In the time of the kings Kadashman-bel and Burnaburiash II. (about 1400 B.C.) falls the Amarna Correspondence (see p. 40). At Tell el-Amarna, in upper Egypt, were unearthed, in 1887, more than three hundred clay tablets containing diplomatic dispatches, written in the cuneiform character, and nearly all in the Babylonian language. They were addressed to the Egyptian king, or to his ministers, and had been sent from various officials and royal personages in Babylonia, Assyria, Palestine (including a number of letters from Abdi-khiba of Jerusalem), and other districts. They furnish a large amount of important information as to conditions in western Asia at that early period.

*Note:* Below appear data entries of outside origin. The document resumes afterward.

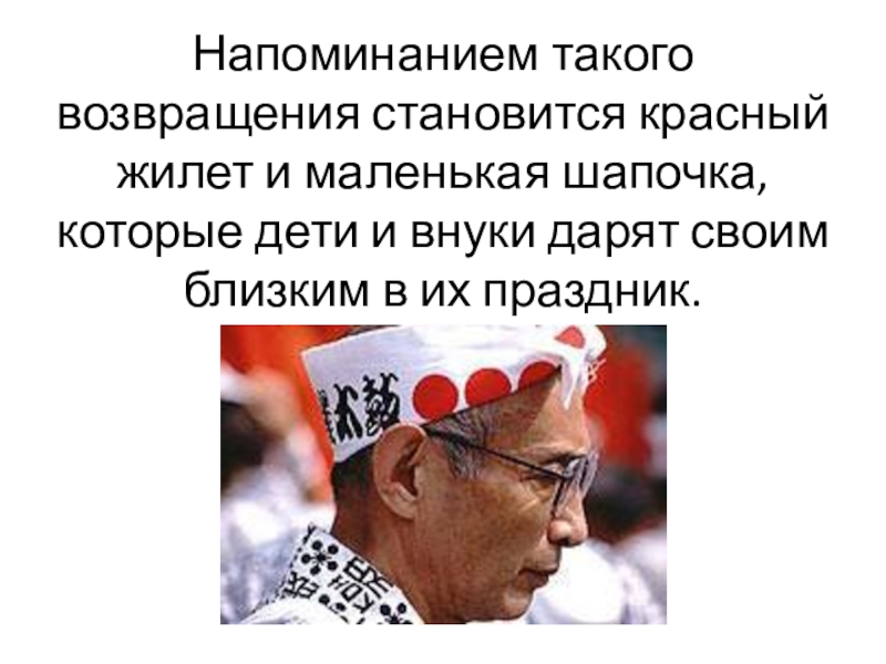 Слайд 12 Напоминанием такого возвращения становится красный жилет и маленькая шапочка, которые дети
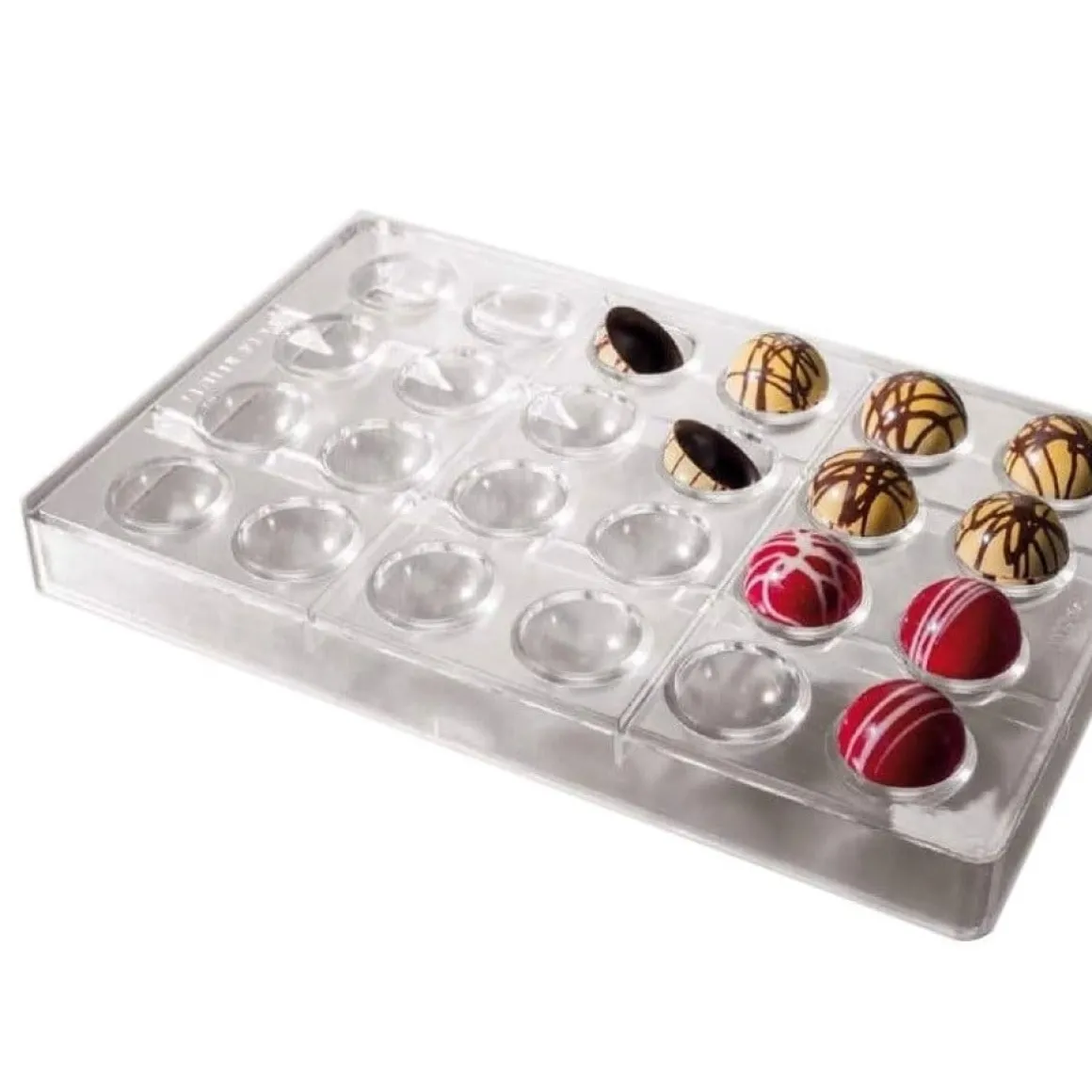 Deze bonbonvormen zijn heel leuk om kleine bonbons mee te maken. De bonbons hebben een doorsnede van 3 cm. Met 1 mal kan je 24 halve rondjes maken. Deze bonbonmal is gemaakt van het zeer sterke materiaal polycarbonaat. Elke bonbon heeft een gewicht van ongeveer 4 gram.
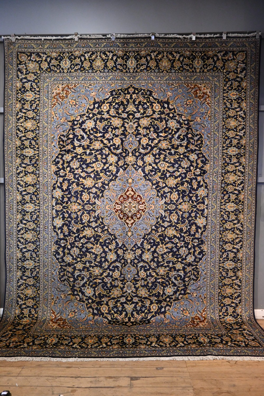 PERSIAN ROYAL KASHAN. 100% WOOL. SOLID & DENSE PILE. FINELY HAND-KNOTTED KASHAN DESIGN OF BOLD FLORAL MEDALLION OF PALMETTES SET WITHIN A ROYAL BLUE FIELD OF 16TH CENTURY SHAH ABBASI PALMETTES, BOLD FLOWER HEADS & SAZ LEAVES IN TONES OF FRENCH BLUE AND COGNAC. MAJOR BORDER OF PALMETTES & SAZ LEAVES. MINOR BORDERS OF PALMETTES & FLOWER HEADS. EX-GALLERY EXHIBITED. IN SUPERB CONDITION SIZE: 380 X 282 CM - RRP: $8,900 DOCUMENTATION OF AUTHENTICITY INCLUDED
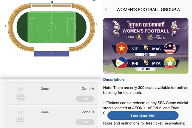13h00 hôm nay, ban tổ chức SEA Games 32 đã mở cổng đăng ký vé xem trận đấu giữa tuyển nữ Việt Nam và tuyển nữ Malaysia. Trận ra quân của thầy trò HLV Mai Đức Chung diễn ra vào lúc 16h00 ngày 3/5 tại trên sân Army Stadium.
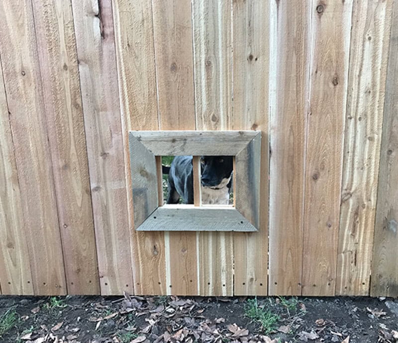23. “So My Neighbor Has Been Building A New Fence. I Suggested A Window For His Dog Jack Who Likes To Say Hi To Us Everyday Through A Current Missing Board. Woke Up To This Today”
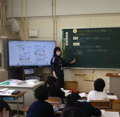 3けたの数をかける筆算の仕方を考えました。計算の仕方が複雑になってきましたが、ていねいに計算していました。
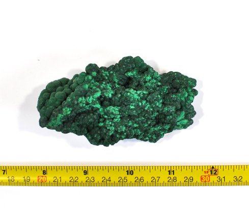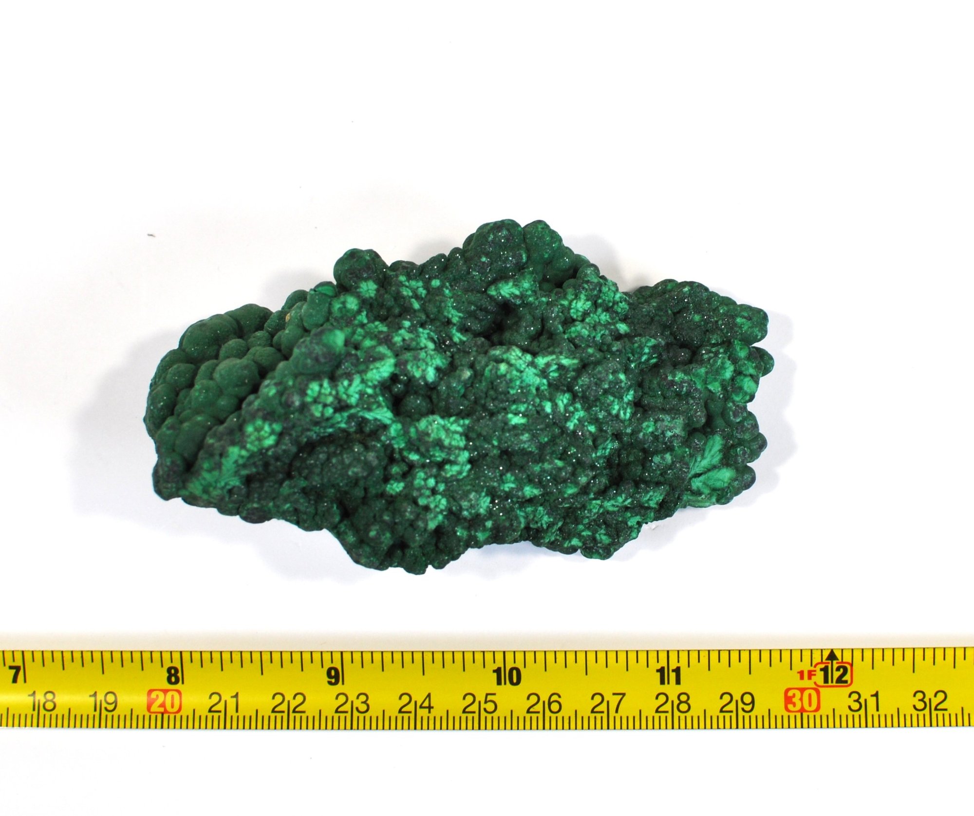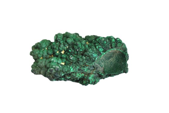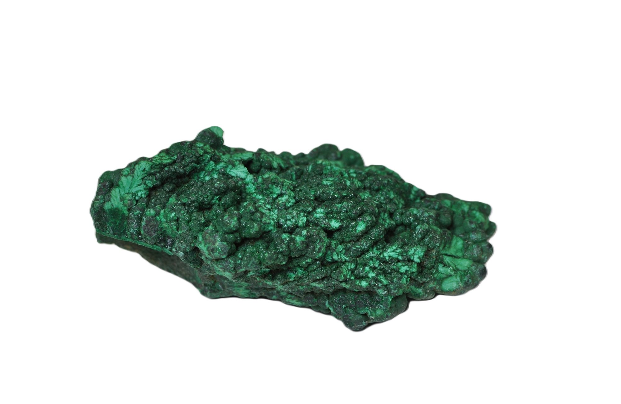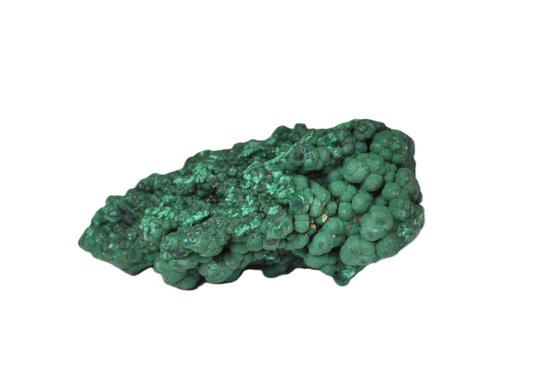 Natural malachite specimen displaying rich emerald-green color and classic botryoidal (grape-like) surface texture. Likely copper-based mineral formation.
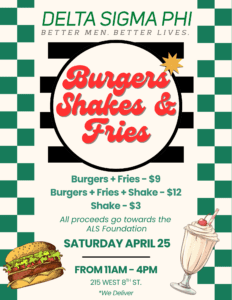 Join Delta Sigma Phi for their annual Burgers, Fries & Shakes fundraiser on April 25 from 11 am to 4 pm at 215 West 8th St. All proceeds for this fundraiser go to the ALS foundation.
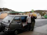 We spent the night in the parking lot in our van so we could get up early for the hot water.
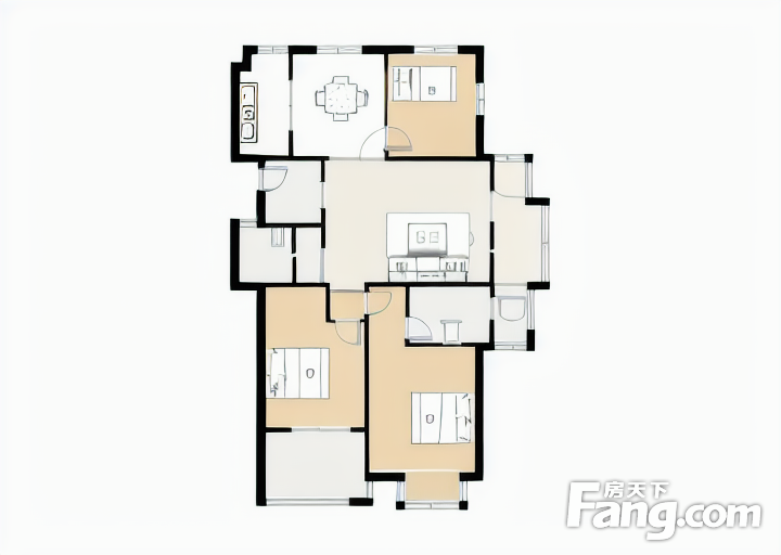 户型齐全,主打户型方正,双卧朝南,主卧朝南三居
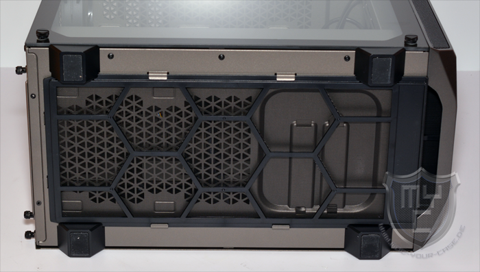 Betrachtet man das Gehäuse einmal von seiner Unterseite aus, so findet hier man einen mächtigen Staubfilter vor, welcher sich fast über die gesamte Unterseite erstreckt.
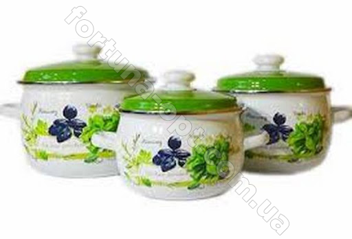 Набор кастрюль 926 Зеленый фреш. Состав: кастрюли сферические с н/ж ободком и эмалированной крышкой 2,5л, 3,5л, 5л. Наборы эмалированных кастрюль,эмалированные миски, эмалированные кружки, эмалированные ковши, эмалированные кастрюли вы всегда можете приобрести у нас на сайте fortuna-opt.com.ua по самым низким ценам.
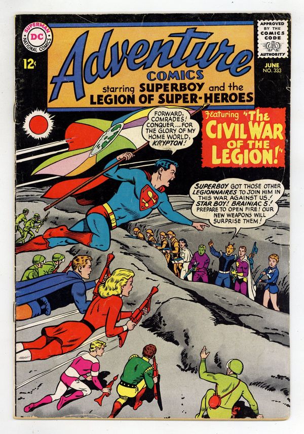 $15.75Cover pencils by Curt Swan, inks by George Klein. Happy Hobby Time! public service announcement starring Superboy, script by Jack Schiff, art by Winslow Mortimer. The War Between Krypton and Earth!--Tales of the Legion of Super-Heroes, script by Edmond Hamilton, pencils by John Forte, inks by George Klein; The Legionnaires travel to the past to find out the story behind an ancient artifact which refers to a war between Earth and Krypton. The Spoiled Superboy, art by Al Plastino. Superboy also stars in a one-page public service announcement, Happy Hobby Time! Rocky and Bullwinkle star in a one-page Cheerios ad. 36 Pages, Full Color. Cover price $0.12.
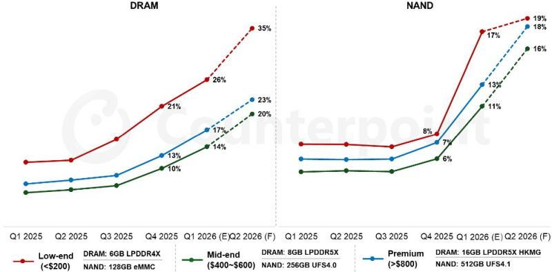 Закономерно, что по бюджетным устройствам рост цен на память ударит сильнее всего. Эксперты уже предрекают трудности производителям недорогих смартфонов и хромбуков. Специалисты Counterpoint Research определили, что по итогам текущего квартала расходы производителей недорогих смартфонов на закупку памяти вырастут на 25 % и достигнут 43 % от общих затрат на материалы.
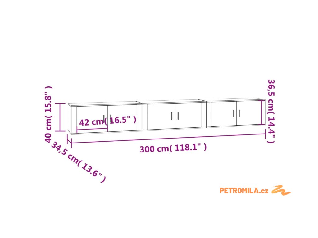 - Rozměry (každý kus): 100 x 34,5 x 40 cm (Š x H x V)
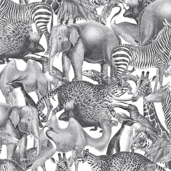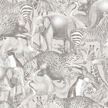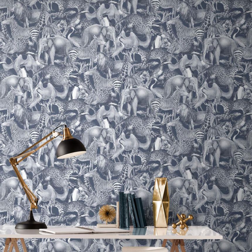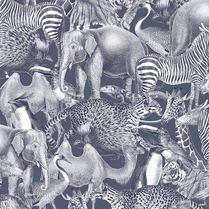Luxusní vliesová tapeta s exotickými zvířaty v šedých barvách na tmavě modrém podkladu.
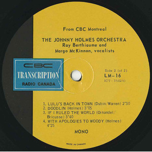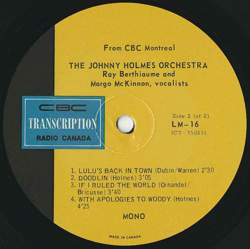 After retiring from music in 1951, Holmes returned in 1959 to front orchestras for CBC Radio. Throughout the 1960s he was heard regularly on programs like The Johnny Holmes Show and Broadway Holiday, blending Broadway sparkle, light music, and jazz into a polished orchestral style. Between 1966 and 1973 he recorded a total of six broadcast-only albums and singles for the CBC’s LM (Light Music) series. These were pressed in tiny quantities and distributed in plain stock sleeves, never sold commercially. Among them were two sought-after LPs — Johnny Holmes Orchestra – Ray Berthiaume and Margo McKinnon, vocalists (CBC LM-16, 1966) and Johnny Holmes Orchestra – Ray Berthiaume, vocalist (CBC LM-29, 1967). He then experimented with a brass-heavy ensemble under the name Brass Therapy, recording CBC LM-164 (1971, released 1973) with “Close to You,” “So Nice,” “Wave,” and “Lollipops and Roses,” and CBC LM-192 (1972), featuring For Once in My Life (arranged by Holmes), Love Story (trombone feature for Claude Blouin), Watch What Happens (guitar feature for Tony Romandini), and Lonely Is the Name. In 1972 Holmes also cut CBC LM-207, a 45 pairing Gordon Lightfoot’s “If You Could Read My Mind” and Gene MacLellan’s “Put Your Hand in the Hand” with his own composition “Rainbow” and MacLellan’s “The Call.” His final entry came with CBC LM-266 (1973), a 45 featuring “Si tu parais” and “Alouette.”
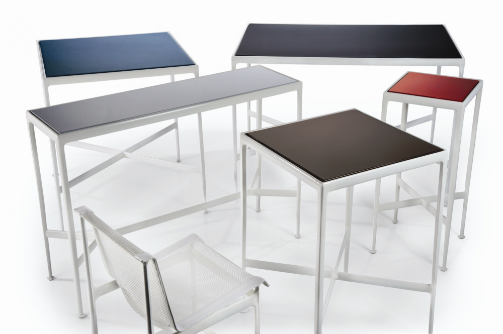 - Tabletops in glass, porcelain enamel on steel and vertical grain teak.

An important Kassite dynasty occupied the throne of Babylon from the eighteenth century to the twelfth century B.C. Under these Kassite rulers, the kingdom at length declined, while the neighboring Assyrian state had increased in power. Later still, apparently not earlier than the ninth century B.C., the Chaldoeans (of Semitic stock?) pushed north-westward into Babylonia from their district about the mouth of the Euphrates, and eventually made themselves masters of the land.

RELIGION AND SCIENCE.—If the events connected with old Babylon are less known, more is ascertained respecting its civilization. The groundwork, as was stated, was laid by the earlier conquered people. The religion of the Babylonians rested on the basis of the old Sumerian worship. There was homage to demons, powerful for good or for evil, who were brought together into groups, and were figured now as human beings, now as lions or other wild animals, or as dragons and that sort of monsters. Of the great gods, Anu, the god of the sky, was the father and king of all. Sin, the moon-god, a Sumerian divinity, at the outset had the highest rank. Bel, or Baal, however, a Semitic divinity, was the god of the earth, and particularly of mankind. Ea was the god of the deep, and of the underworld. The early development of astrology and its great influence in old Babylon were closely connected with the supposed association of the luminaries above with the gods. The stars were thought to indicate at the birth of a child what his fortunes would be, and to afford the means of foretelling other remarkable events. Ishtar, a goddess of war and of love, was worshiped also under the name Beltis, the Greek Mylitta. This deity embodied the generative principle, the spring of fertility, whose beneficent agency was seen in the abundant harvest. She was clothed with sensual attributes, and propitiated with unchaste rites. It was in the worship of this divinity that the coarse and licentious side of the Semitic nature expressed itself. At the same time, there was an opposite ascetic side in the service of this deity. Her priests were eunuchs: they ministered at her altar in woman's attire. On the relation of the human soul to the gods, and its condition after death, there was little speculation. In general, the Babylonians were more interested in religion and worship, than the Assyrians. The former erected temples; the latter, palaces.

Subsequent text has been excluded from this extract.